Ночь тиха; в небесном поле
Светит Веспер золотой.
Старый дож плывет в гондоле
С догарессой молодой…
34
«Italienische reise» von Goethe, Berlin, G. Gutesche Verlagsbuch Handlung, 1871, S. 58: «Так, видно, стояло в Книге Судьбы, написанное на листе моем, что я должен был 1786, сентября двадцать восьмого, вечером, по нашим часам в пять, въезжая из Бренты в лагуны, впервые увидеть Венецию».
Из зеленых волн Адриатики, в трех с половиной километрах от материка, поднимаются, как спинки играющих дельфинов, сто восемнадцать островов и островков. И на этих ста восемнадцати островах и островках стоит единственный город в мире, весь словно выплеснутый сюда красками и зыбью моря. Сейчас к нему подъезжают сушей. В половине прошлого века сюда построили мост длиной в 3601 метр. Поезд, приходящий с севера, подходит к привокзальной площади почти всегда темной ночью, и, слезая, вы видите белые силуэты автобусов, огоньки такси, и вам кажется, что приехали вы в обыкновеннейшее место. Но иллюзия тотчас исчезает. У самых ступеней площади змеится черная молчаливая вода; вы вступаете на пароходик, и вот уже стучит он по зыбкой водяной дороге Канале Гранде, и в лицо вам плывет особая сырость, словно вы рыбкой спущены в аквариум, — сырость дворцов, берегов, каналов, неба и воздуха Венеции.
Но двести лет назад не было ни моста, ни поезда, ни автобусов, ни даже пароходика. Никакой рокот моторов не заглушал рокота морской стихии, этой венчанной невесты венецианского дожа. И увидеть Венецию во всем ажуре ее кружевных дворцов, уже и тогда обветшалых, в яркой пестроте ее разноцветных гондол, в ярко-голубых, широких, пуфами подобранных у колен, штанах и красных шапках гондольеров, в паутине ее грязных каналов и легких, как брови, мостиков приходилось не из окна вагона, а с палубы старинного судна, вплывавшего в венецианские лагуны из Бренты или со стороны Триеста. Именно так впервые увидел Венецию Гёте; а Иозеф Мысливечек и того раньше — за двадцать три года до Гёте.

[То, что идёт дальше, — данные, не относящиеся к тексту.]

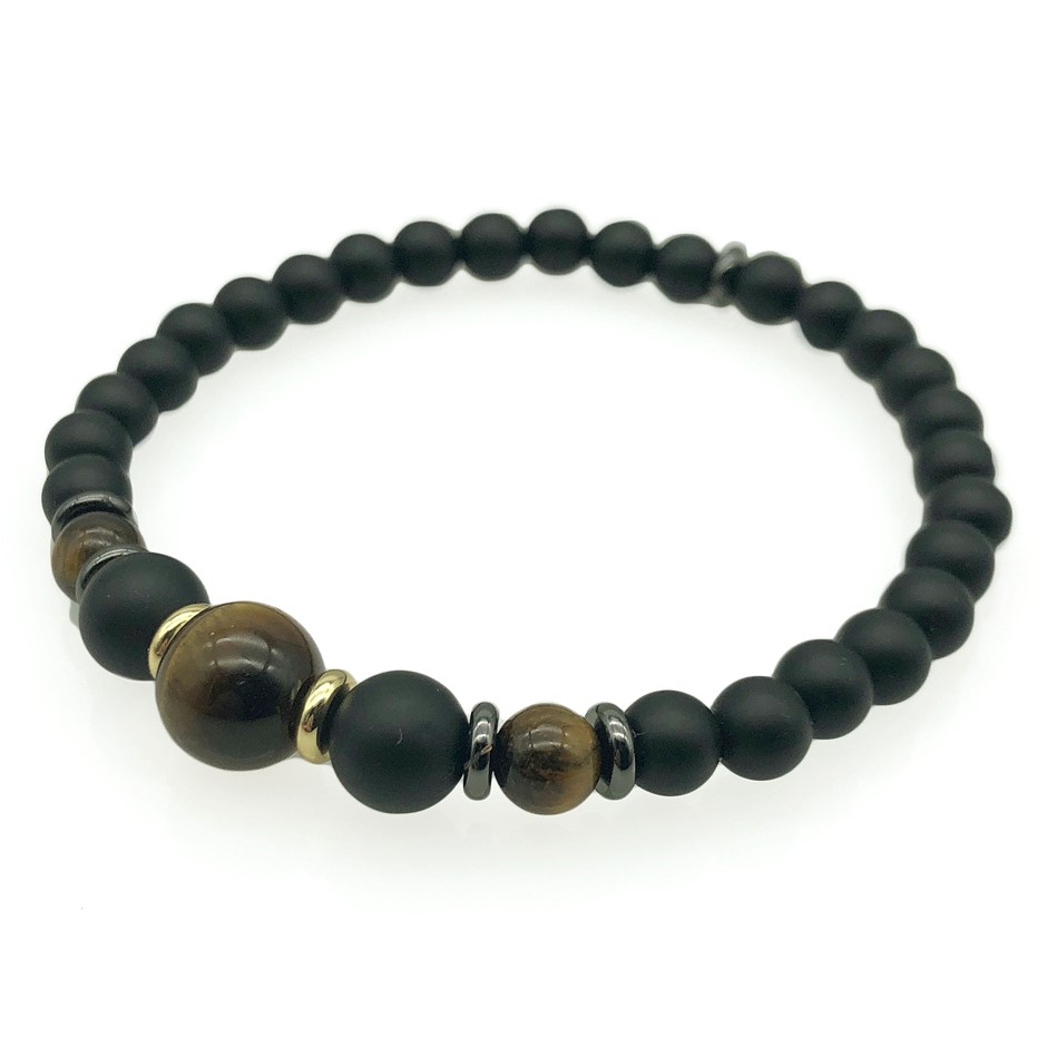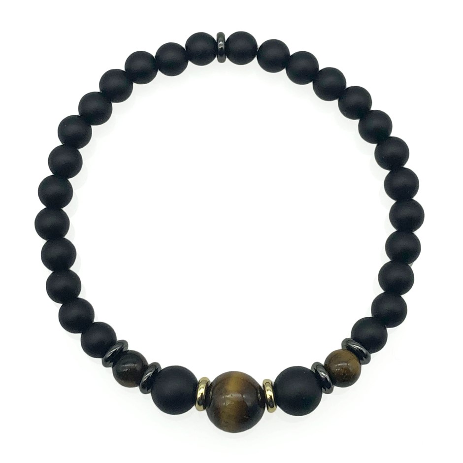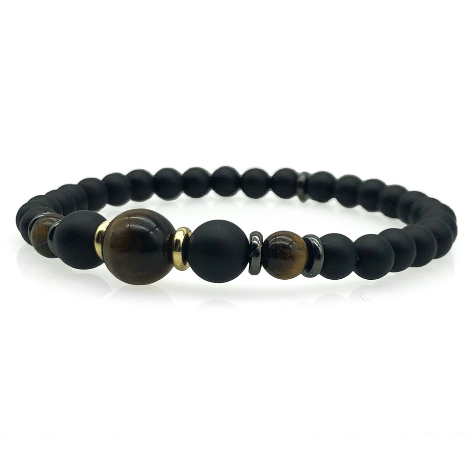 Men`s Strength Black Stone & Tiger Eye Stretch Beaded Bracelet.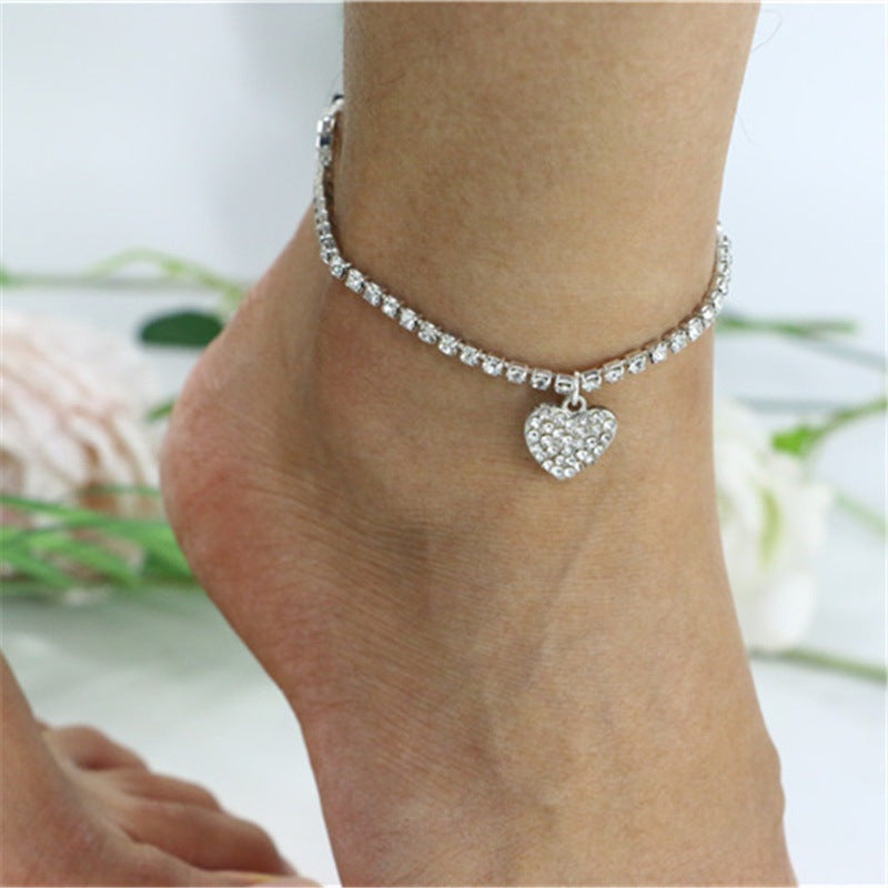 Alloy Crystal Heart-shaped Full Diamond Anklet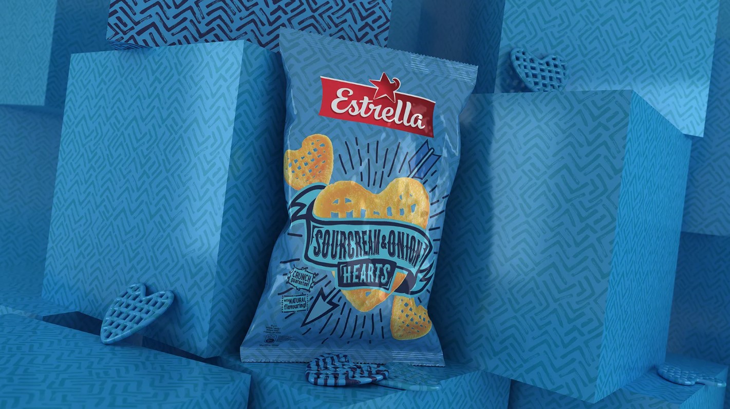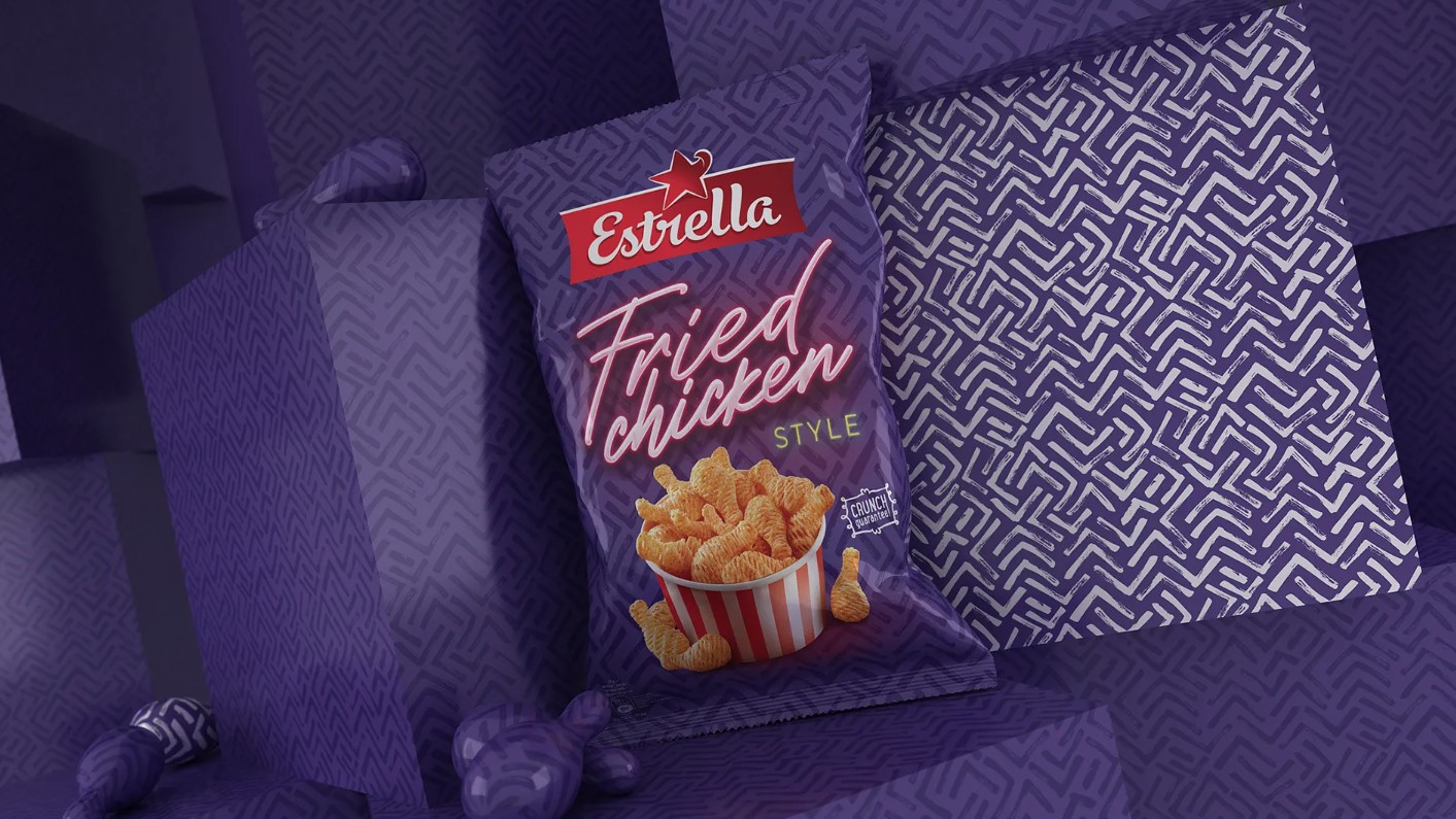 Целью обновления упаковки чипсов Estrella было получить больше внимания на розничном прилавке. Целевая аудитория бренда — молодые и весёлые покупатели, которые любят пробовать новое и постоянно ищут новые способы самовыражения.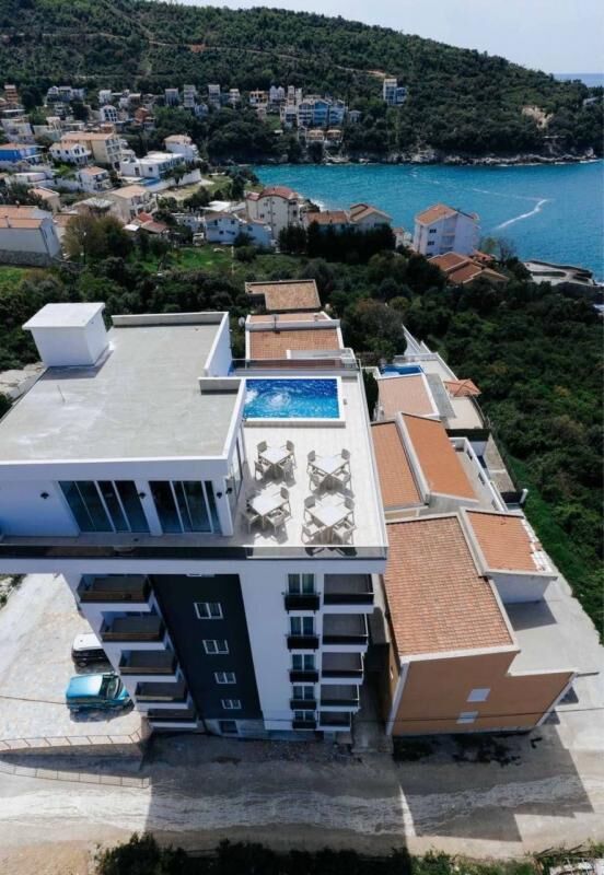 For rent until 06/01/2025 studio 28m2 with stunning sea views in the village of Khladnaya Uvala, near the town of Bar in a new clubhouse (built in 2021) on the beach at 30m. The studio has a kitchen, sleeping places (a large pull-out sofa, a pull-out armchair), a table with chairs, a closet, a bathroom with a shower and a balcony. There is all the necessary furniture and appliances (induction hob, small fridge, kettle, washing machine, air conditioning, boiler). Parking space at the house. Video surveillance system. Good internet connection. The studio can accommodate 1-2 people. Without animals. Payment is 250 euros per month + 80 euros utilities per month. Monthly accommodation is possible. In summer, the studio rental price is 800 euros per month + utilities. The remaining conditions are agreed upon individually. There is a swimming pool and a restaurant on the top floor during the season.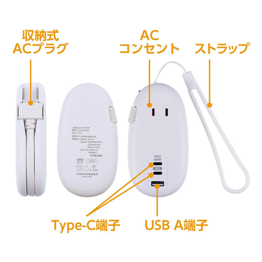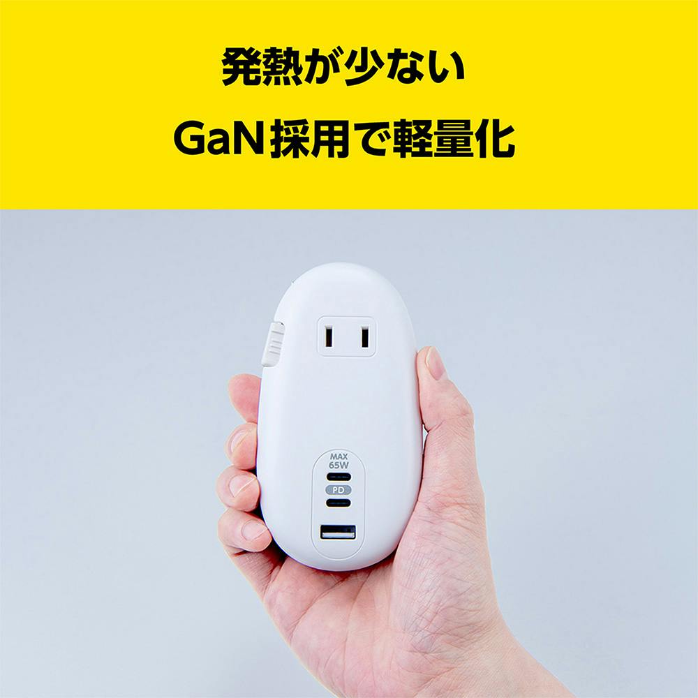 モバイルUSB-ACタップ PD対応 65W ホワイト JYU-ACU012W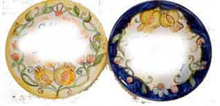 2種類の技法。意匠は、著作権により、そのままは使えませんが、見た印象で近づけました。 >>>>詳細は[セレサポタイル」より。 | |||||||||||||||||||||||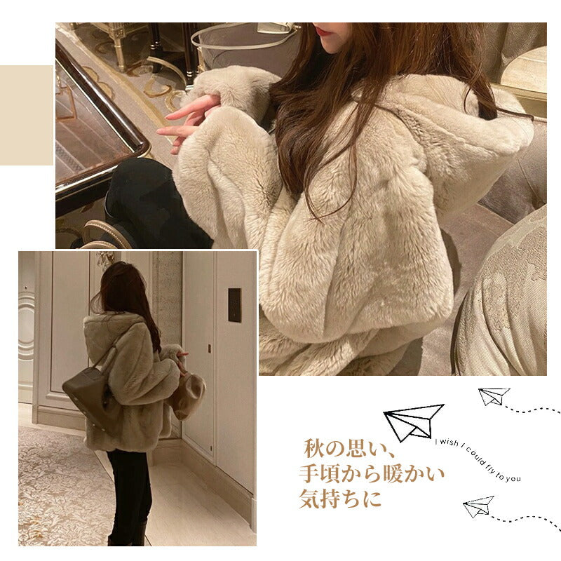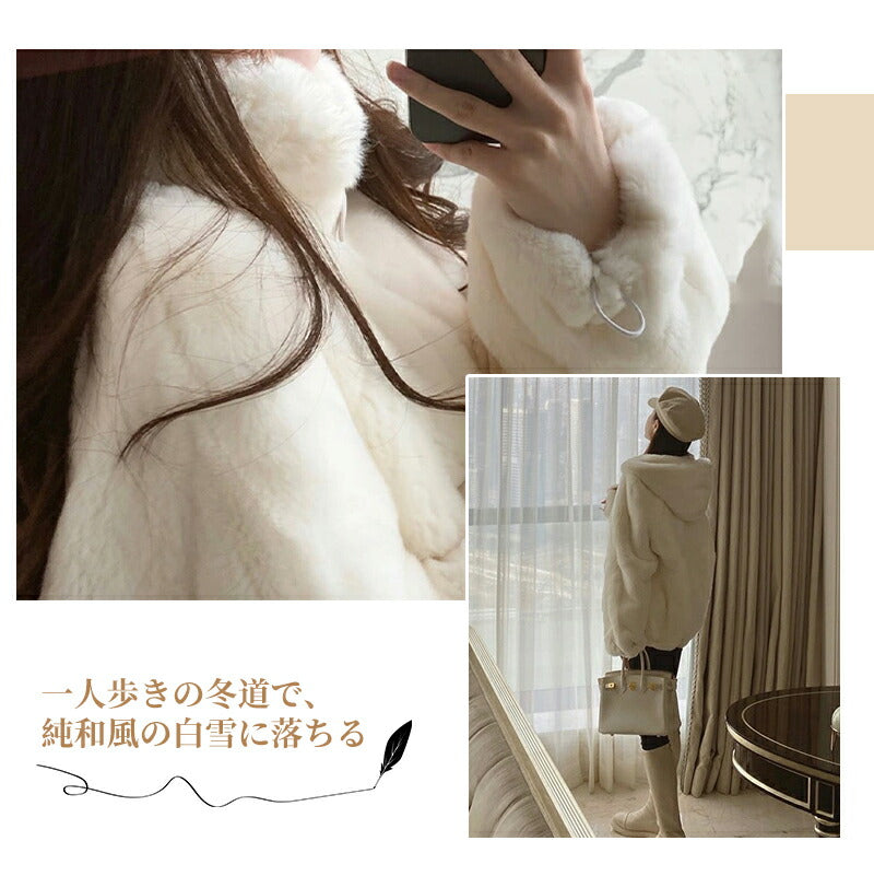 ファーコート エコファー モコモココート コート ふわふわ ボアパーカー冬アウター スリム ジャケット 暖かい モコモコ ファー コート レディース 防寒 copy-6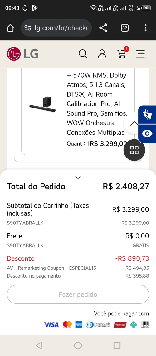 Soundbar LG S90TY – 570W RMS, Dolby Atmos, 5.1.3 Canais, DTS:X, AI Room Calibration Pro, AI Sound Pro, Sem fios, WOW Orchestra, Conexões Múltiplas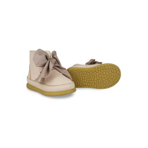 The Wisi Organza Toddler Shoes are the perfect companion for outdoor adventures, offering just the right support for those first steps. The flexible outsole with a slightly elevated heel provides enhanced support. The adjustable organza laces ensure a snug fit around the ankle, while the reinforced structure, particularly around the heel, provides the necessary support and stability for your little one's growing feet. Made from 100% premium leather. Lining: 100% Sheep wool. Upper: 100% Leather. Laces: 100% Cotton. Outsole: 100% Rubber. Made in Indonesia.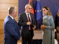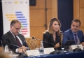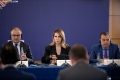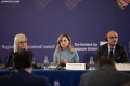 The Charge d'Affaires of the European Union in Tirana, Ambassador Luigi Soreca, the Permanent Secretary of the Regional Cooperation Council, Majlinda Bregu and the member of the parliament of North Macedonia, Ljupco Prendzov speaking during a parliamentary conference in the framework of the Berlin Process. This is the first meeting held during the week of the Berlin Process Summit, which tries to give another direction to the role of the parliaments of the six countries of the Western Balkans in the integration process.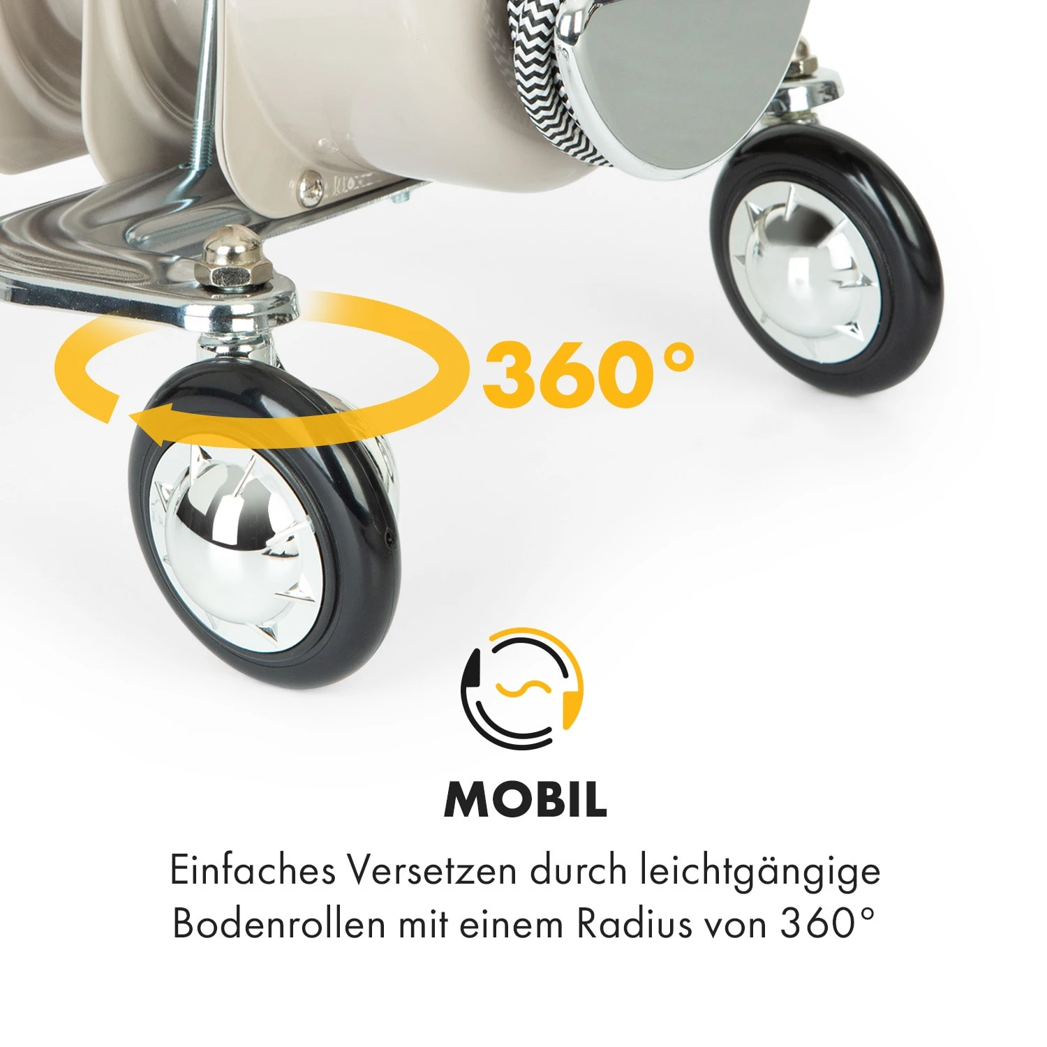 Für die mobile Nutzung sorgen das geringe Gewicht und 4 Bodenrollen mit einem Radius von 360°, mit denen die Elektroheizung ganz einfach ihren Standort wechseln kann. Schnell angenehme Temperaturen im Zimmer oder Büro, in der Werkstatt oder Garage: Der Thermaxx Retroheat Ölradiator von Klarstein ist für jeden Haushalt nicht nur optisch ein Gewinn!
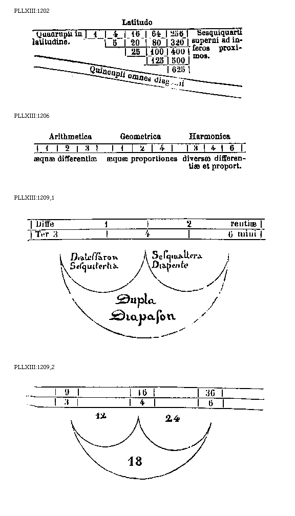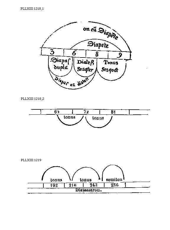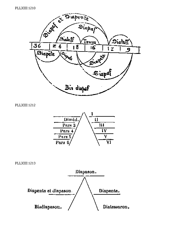 [1210][PLLXIII:1210; text: Diapafon et Diapente, Diapason, Diateffaron, Tonus, Diatessaron, 36, 24, 18, 16, 12, 9, Diapente, Bis diapafon]

То были времена Каналетто и Гуарди, двух художников, любовно рисовавших Венецию. От них мы знаем, насколько шумней, пестрей, оживленней, тесней было на водяных ее улицах в XVIII веке, нежели сейчас, когда новая техника, укрупнив транспорт, внесла в Венецию, как это ни странно, больше покоя, простоты, пустоты. Сейчас десятки людей спокойно стоят на маленьких пристанях, поджидая очередного, по расписанию, парохода-трамвая, и вот он подобрал и унес их, точкой канув в синеву Джудекки или в зеленый простор моря к острову Сан-Джорджо. Но тогда каждый, как пешеход, должен был «мореходцем» бросаться в дорогу на чем сумеет или успеет. Тысячи гондол, барж, плавучих ящиков бороздили море туда и сюда. Каждый дворец пестрел у пристани своей намалеванной краской, повторявшейся на собственной гондоле этого дворца, а гондолы делались с приподнятыми, как на турецких туфельках, носками и задниками; сотни натянутых парусов на крупных судах исчеркивали горизонты; красный шерстяной плат, свисавший с таинственных кабинок на середине гондол, трепетал своей рваной бахромой; длинные весла в руках гондольеров, их наклоненные танцующие позы, их неизменные, далеко разносящиеся голоса и песни — все это наполняло морские просторы Венеции невероятной жизнью, трепещущей в своей тесноте, как фрукты морские (frutti di mare) в корзинах ее знаменитого рыбного рынка.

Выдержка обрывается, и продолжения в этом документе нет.